Despite this significant inadequacy of the study by Efran and Patterson the research questions they raised were not followed up for a considerable time. In the meantime, several studies appeared that tackle the impact of politicians' physical attractiveness by means of experiments and surveys (e.g., Budesheim and DePaola 1994; Klein and Ohr 2000; Klein and Rosar 2007; Rosar and Ohr 2005; Sigelman et al. 1986, 1987). Yet none of these studies is related in any way to the actual results of real elections. This does not apply to the seminal paper by Todorov et al., which investigated the inferences of competence based on portrait photographs (Todorov et al. 2005). Todorov et al. were able to show that at the American Senate elections of 2000, 2002 and 2004 there was a 71.6 % probability of correctly predicting the winner in each state based on these inferences of competence. In the elections for the House of Representatives in 2002 and 2004 this figure was still 66.8 %. However, the authors claimed that they 'ruled out the possibility that the age, attractiveness, and/or familiarity with the faces of the candidates could account for the relationship between inferences of competence and election outcomes' (Todorov et al. 2005, p. 1625). In a commentary on this study Zebrowitz and Montepare (2005) pointed out that the decisive variable behind the inferences of competence could be the 'mature-' or 'babyfacedness' of the candidates (see also Poutvaara et al. 2009). Yet from the point of view of sociopsychological attractiveness research, these are classic features of male attractiveness/unattractiveness (Olivola and Todorov 2010).

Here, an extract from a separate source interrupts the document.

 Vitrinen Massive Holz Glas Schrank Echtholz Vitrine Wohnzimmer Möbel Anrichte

During the last few years, some more papers about the influence of politicians' physical attractiveness on real-life election results were published. These papers deal with open lists in proportional representation electoral systems (Berggren et al. 2010; Lutz 2010), presidential elections (Lawson et al. 2010; Rosar et al. 2012), preferential voting systems (Banducci et al. 2008; Leigh and Susilo 2009) and multi-member plurality systems (Banducci et al. 2008). These studies show significant effects of the attractiveness of the candidates on their election results.

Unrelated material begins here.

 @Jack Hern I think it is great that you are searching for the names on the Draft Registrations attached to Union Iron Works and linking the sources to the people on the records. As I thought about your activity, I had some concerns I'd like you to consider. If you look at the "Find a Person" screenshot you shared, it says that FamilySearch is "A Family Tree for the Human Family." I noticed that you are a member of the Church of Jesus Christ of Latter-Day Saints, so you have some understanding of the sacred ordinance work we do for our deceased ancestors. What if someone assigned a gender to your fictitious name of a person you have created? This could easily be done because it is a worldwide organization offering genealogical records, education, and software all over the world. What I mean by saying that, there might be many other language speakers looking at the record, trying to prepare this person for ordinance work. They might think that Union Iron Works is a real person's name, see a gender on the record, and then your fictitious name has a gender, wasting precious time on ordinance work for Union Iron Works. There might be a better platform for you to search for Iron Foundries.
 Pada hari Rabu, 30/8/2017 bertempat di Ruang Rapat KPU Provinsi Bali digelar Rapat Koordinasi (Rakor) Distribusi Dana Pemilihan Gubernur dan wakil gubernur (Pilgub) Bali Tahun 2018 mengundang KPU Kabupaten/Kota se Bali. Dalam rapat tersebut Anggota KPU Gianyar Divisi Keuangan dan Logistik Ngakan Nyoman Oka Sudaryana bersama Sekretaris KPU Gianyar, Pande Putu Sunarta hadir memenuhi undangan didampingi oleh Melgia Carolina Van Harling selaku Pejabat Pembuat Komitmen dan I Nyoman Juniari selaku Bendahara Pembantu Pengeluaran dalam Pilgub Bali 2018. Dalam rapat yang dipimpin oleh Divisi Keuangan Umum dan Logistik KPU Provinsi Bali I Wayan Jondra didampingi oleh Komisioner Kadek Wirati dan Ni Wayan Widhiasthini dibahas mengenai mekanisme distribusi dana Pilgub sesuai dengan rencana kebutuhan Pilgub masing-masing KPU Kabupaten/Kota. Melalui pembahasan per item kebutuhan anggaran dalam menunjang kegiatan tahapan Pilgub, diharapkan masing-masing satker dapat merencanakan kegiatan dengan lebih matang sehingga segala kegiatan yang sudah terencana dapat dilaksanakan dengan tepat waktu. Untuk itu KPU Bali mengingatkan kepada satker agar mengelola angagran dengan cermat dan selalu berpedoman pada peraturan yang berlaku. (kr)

The authors of the present paper have discussed the influence of the attractiveness of candidates in single-member constituencies on their actual electoral success in a number of works. They were able to demonstrate that, for the German federal election 2002, the attractiveness of constituency candidates from the two main parties (Social Democratic Party [1] and Conservative Party2) exerted an influence on their share of candidate votes (Klein and Rosar 2005). Furthermore, a later analysis of the German federal election 2005 showed that such an influence existed also for the share of party votes obtained in the constituency. Moreover, such influences could also be proven for the candidates of the three smaller parties—Liberal Party3, Green Party4 and Socialist Party5 (Klein and Rosar 2008). Finally, an investigation of the North Rhine-Westphalia state election in Germany in 2005 was also able to show that the effects of constituency candidates' attractiveness on the election result can be proved even if the electoral system does not provide for separate candidate and party votes (Rosar et al. 2008). A recent study arrived at similar findings for the Australian parliamentary elections in 2004 (King and Leigh 2007).

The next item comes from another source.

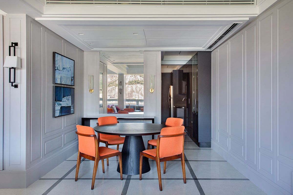 Optei por um suspiro art déco tropical, como se fosse observado à sombra de palmeiras e frondosas árvores. Nos interiores a meia-sombra predomina, com paredes revestidas em tons de cinza quente, próximo do tradicional tom francês eau-de-Nil.

As a desideratum of previous research it must, however, be recognized that the available works are almost exclusively concerned with single-member constituencies in parliamentary elections, presidential elections and open lists in proportional representation systems. The question was therefore raised whether comparable mechanisms also existed in relation to the front-runners in large multi-member constituencies (Rosar and Klein 2013). This question will be addressed in the present paper using the example of the European election 2004. Special attention is paid to a possible context dependence of the effect of candidates' attractiveness.

  • [1] Sozialdemokratische Partei Deutschlands (SPD).